--- Description of the task ---
Below are some records. Retype exactly the lines from the one containing "In January 2, 2018, PNAS(Proceedings" through the one containing "Офисная женская элегантная", both included, skipping every picture.

--- Recorded information ---
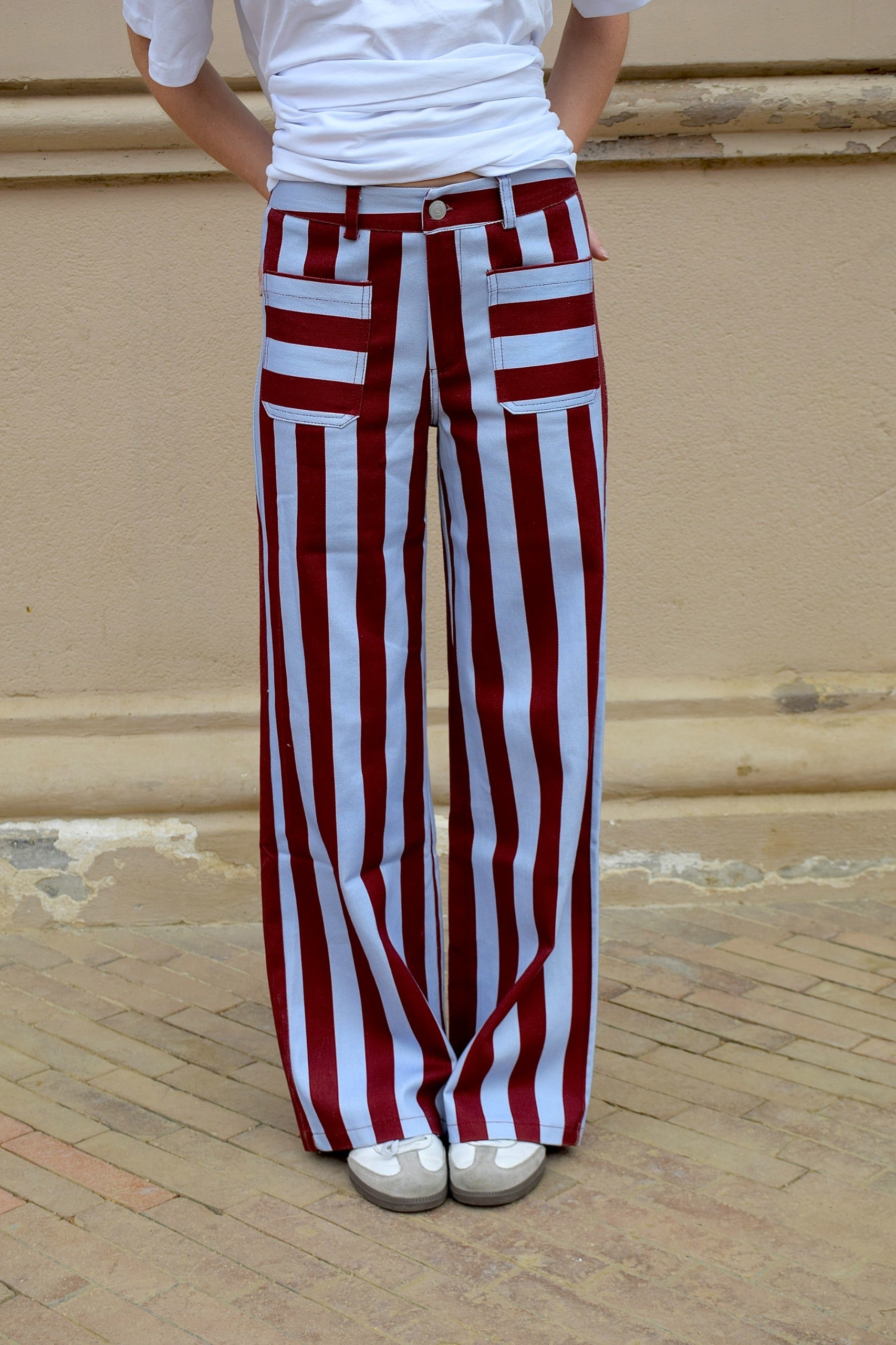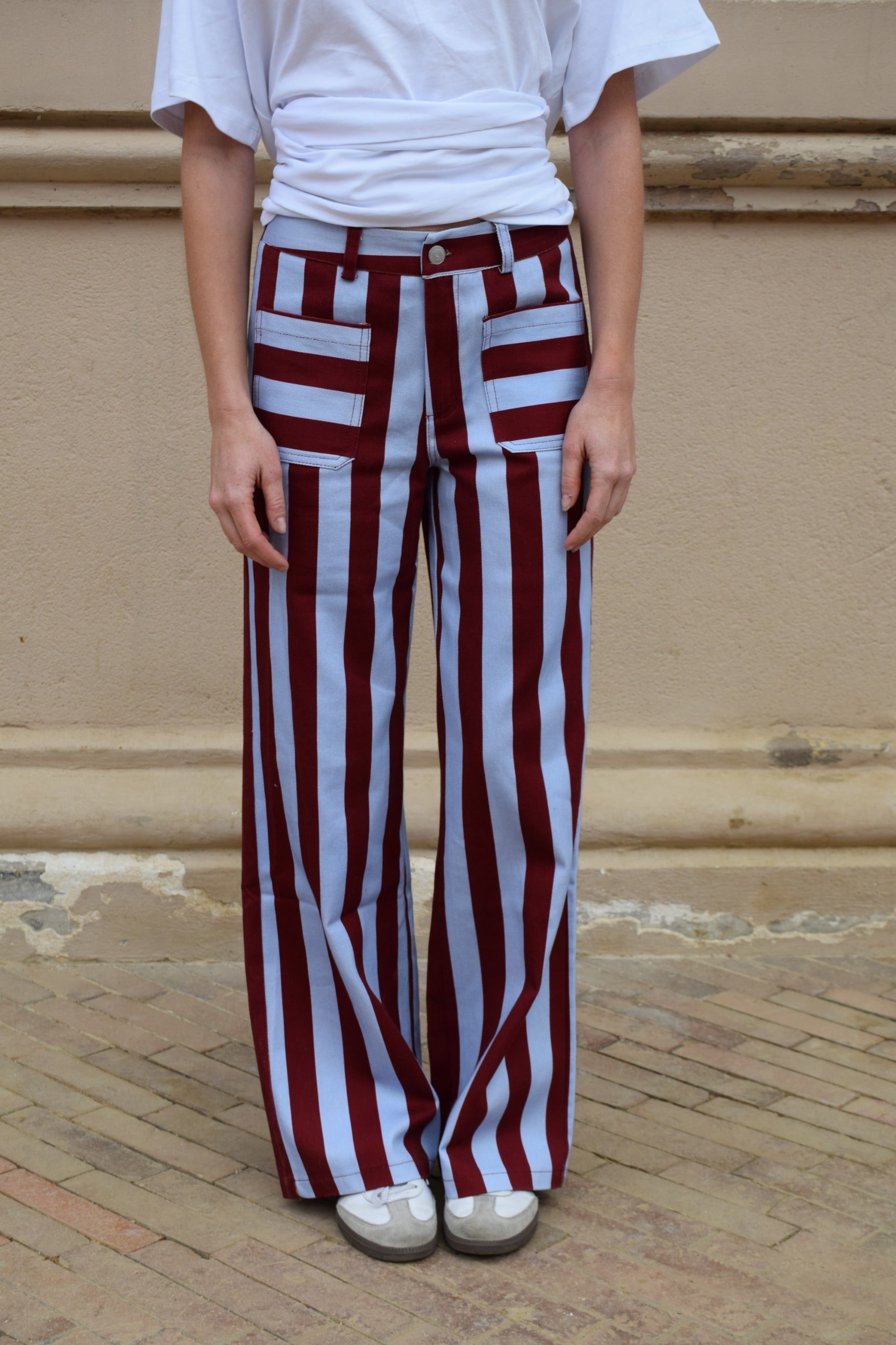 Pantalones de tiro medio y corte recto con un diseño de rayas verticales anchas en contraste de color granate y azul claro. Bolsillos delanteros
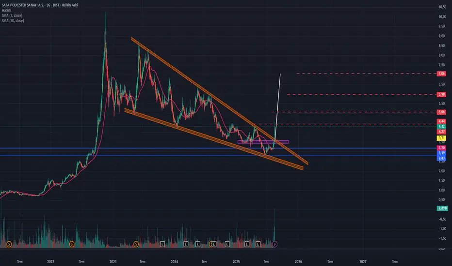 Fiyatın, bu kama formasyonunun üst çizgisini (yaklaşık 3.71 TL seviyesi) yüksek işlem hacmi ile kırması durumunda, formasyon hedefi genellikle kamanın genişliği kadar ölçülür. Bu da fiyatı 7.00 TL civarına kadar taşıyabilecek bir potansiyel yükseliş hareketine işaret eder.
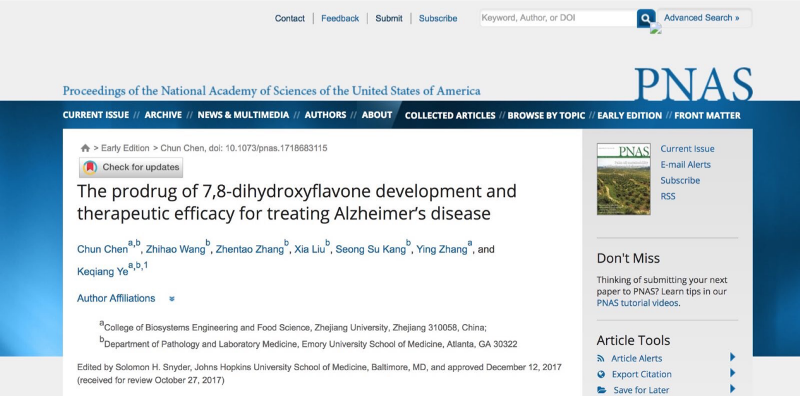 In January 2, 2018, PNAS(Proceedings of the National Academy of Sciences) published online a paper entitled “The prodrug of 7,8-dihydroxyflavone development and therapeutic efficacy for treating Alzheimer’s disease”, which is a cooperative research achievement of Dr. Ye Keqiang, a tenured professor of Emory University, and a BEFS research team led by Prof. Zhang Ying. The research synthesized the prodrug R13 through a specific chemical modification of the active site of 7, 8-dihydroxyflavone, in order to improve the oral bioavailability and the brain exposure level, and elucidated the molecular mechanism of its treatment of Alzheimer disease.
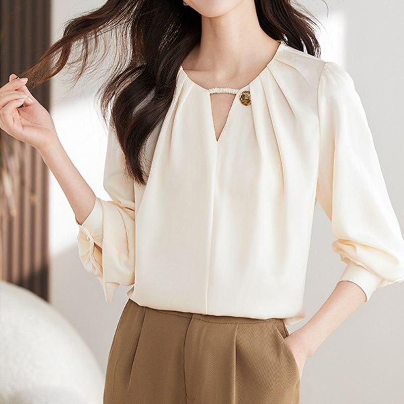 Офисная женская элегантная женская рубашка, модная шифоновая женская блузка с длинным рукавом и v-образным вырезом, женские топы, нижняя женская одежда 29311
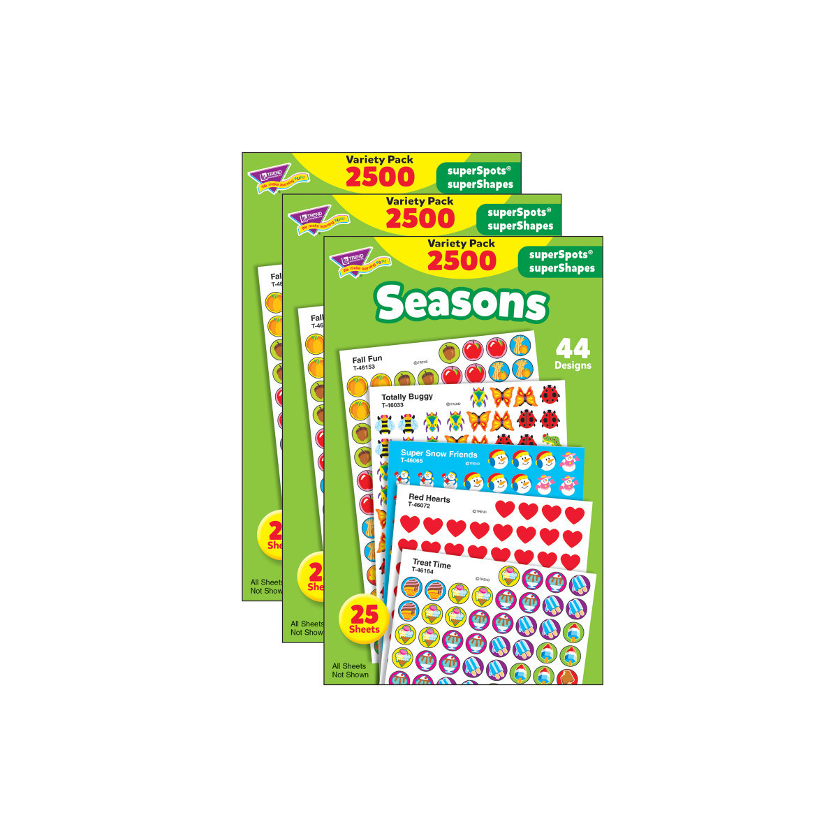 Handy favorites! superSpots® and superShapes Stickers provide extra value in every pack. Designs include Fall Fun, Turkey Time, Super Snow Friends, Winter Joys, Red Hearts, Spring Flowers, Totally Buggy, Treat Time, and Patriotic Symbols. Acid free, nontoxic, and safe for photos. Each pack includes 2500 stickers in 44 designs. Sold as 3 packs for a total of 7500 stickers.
--
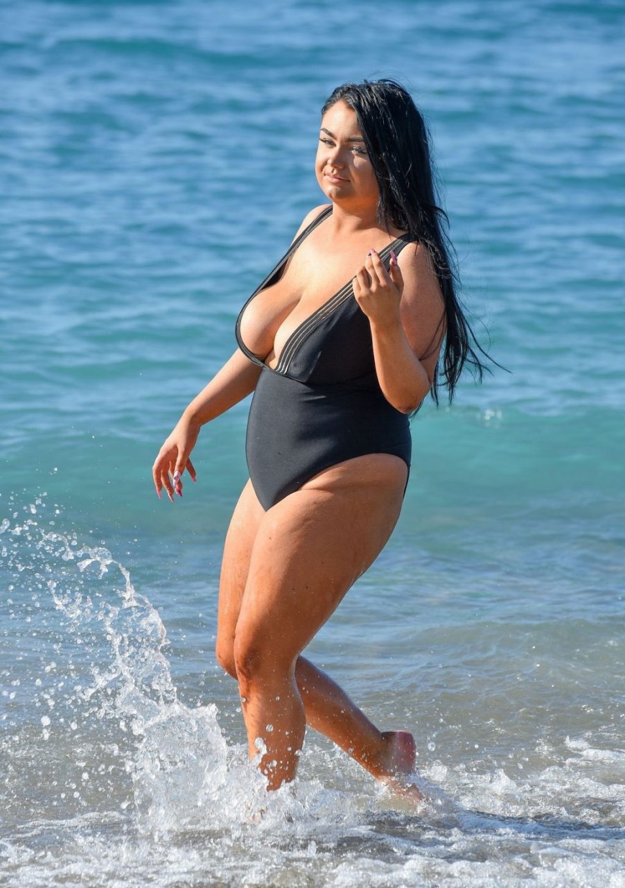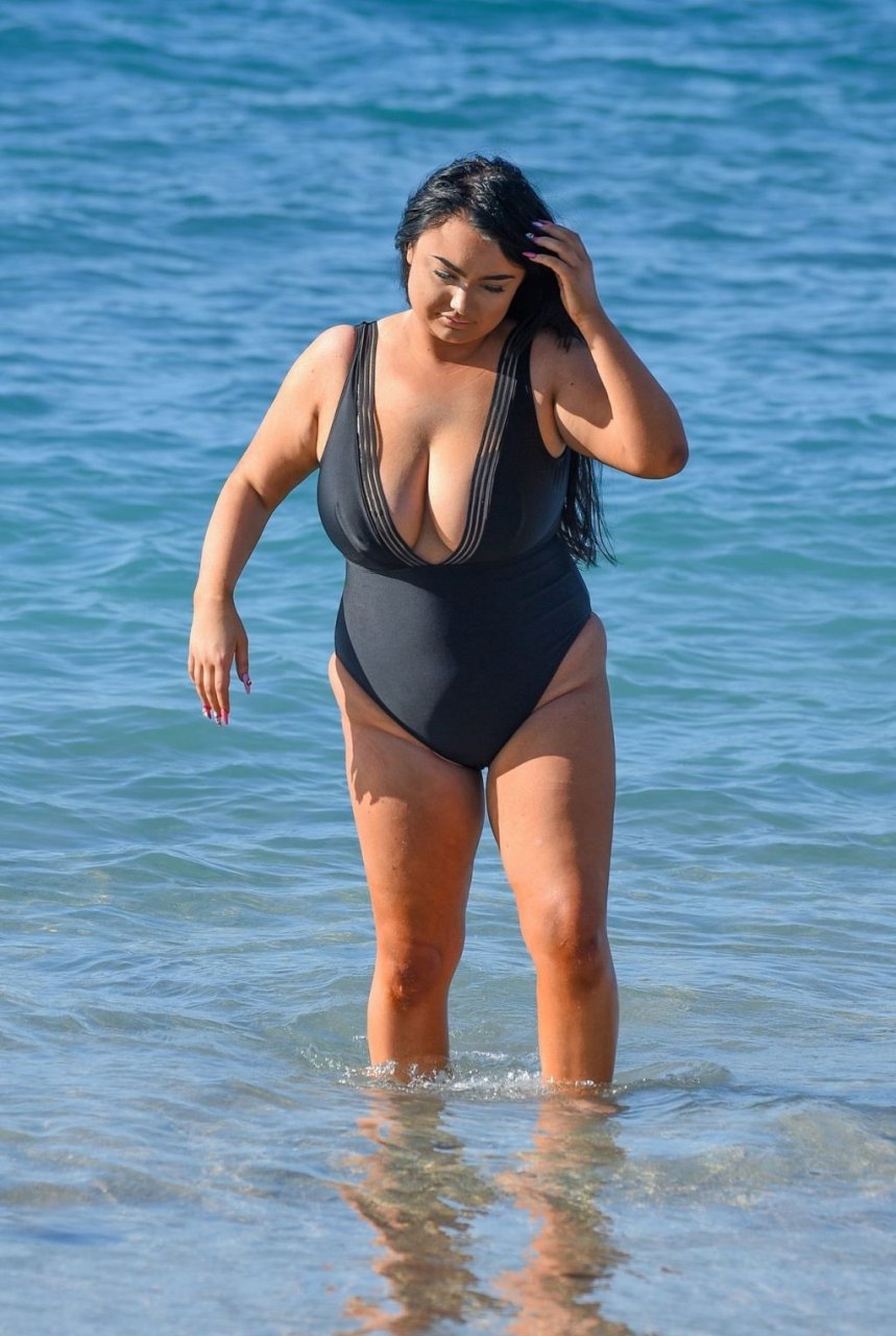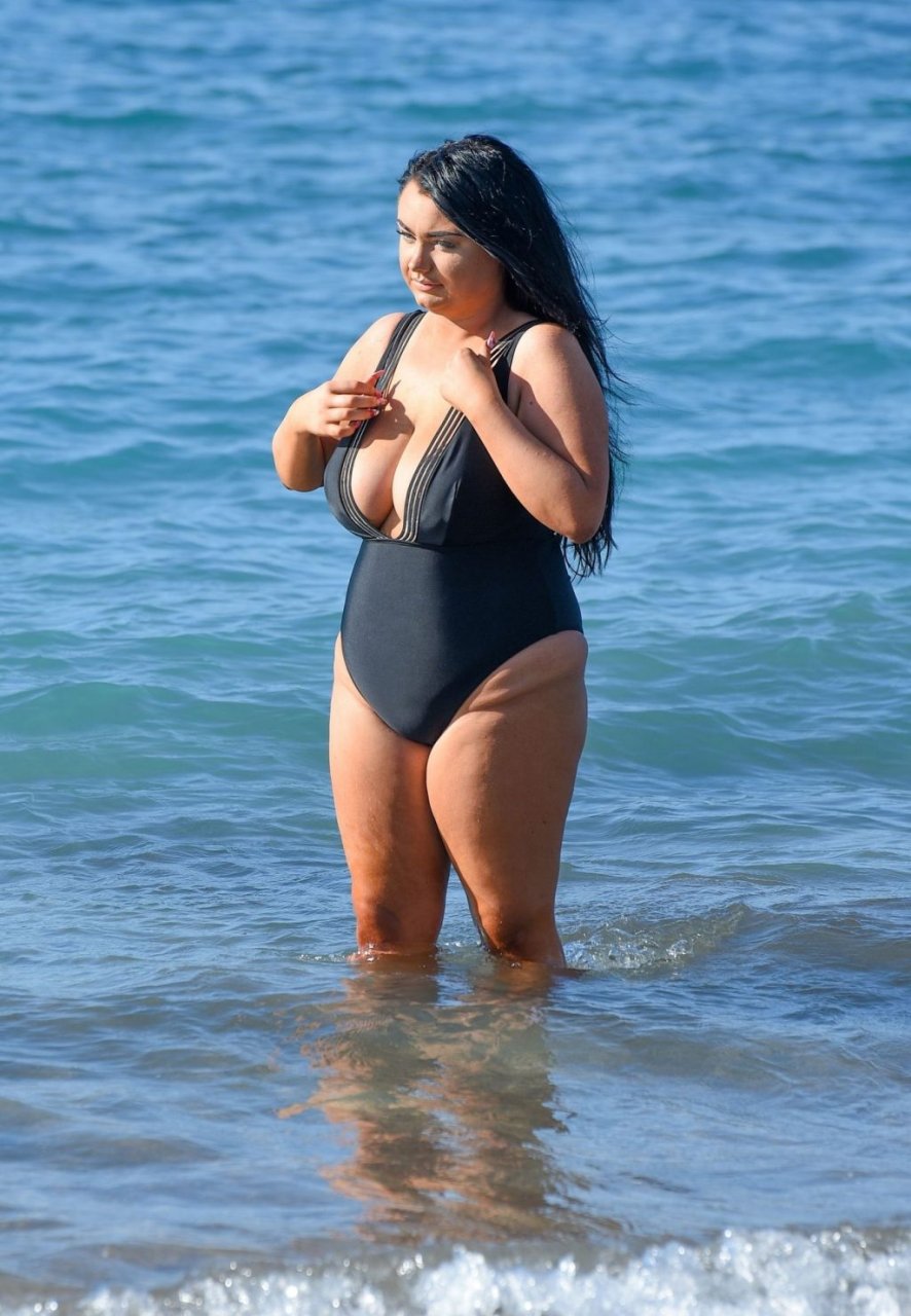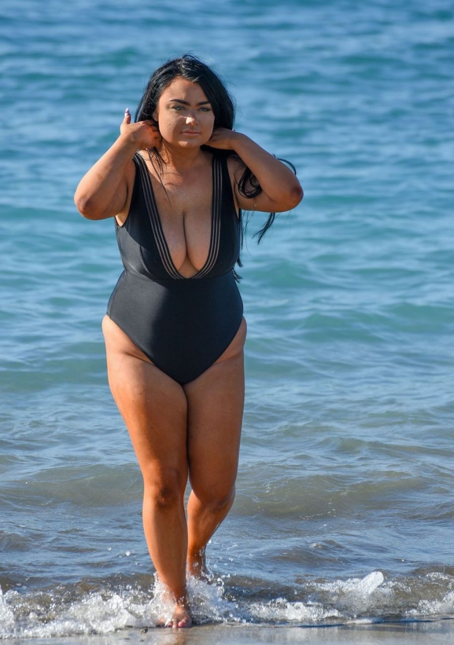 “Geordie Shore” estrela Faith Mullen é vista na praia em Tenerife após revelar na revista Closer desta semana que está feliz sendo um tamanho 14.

--- Exercise response ---
 In January 2, 2018, PNAS(Proceedings of the National Academy of Sciences) published online a paper entitled “The prodrug of 7,8-dihydroxyflavone development and therapeutic efficacy for treating Alzheimer’s disease”, which is a cooperative research achievement of Dr. Ye Keqiang, a tenured professor of Emory University, and a BEFS research team led by Prof. Zhang Ying. The research synthesized the prodrug R13 through a specific chemical modification of the active site of 7, 8-dihydroxyflavone, in order to improve the oral bioavailability and the brain exposure level, and elucidated the molecular mechanism of its treatment of Alzheimer disease.
 Офисная женская элегантная женская рубашка, модная шифоновая женская блузка с длинным рукавом и v-образным вырезом, женские топы, нижняя женская одежда 29311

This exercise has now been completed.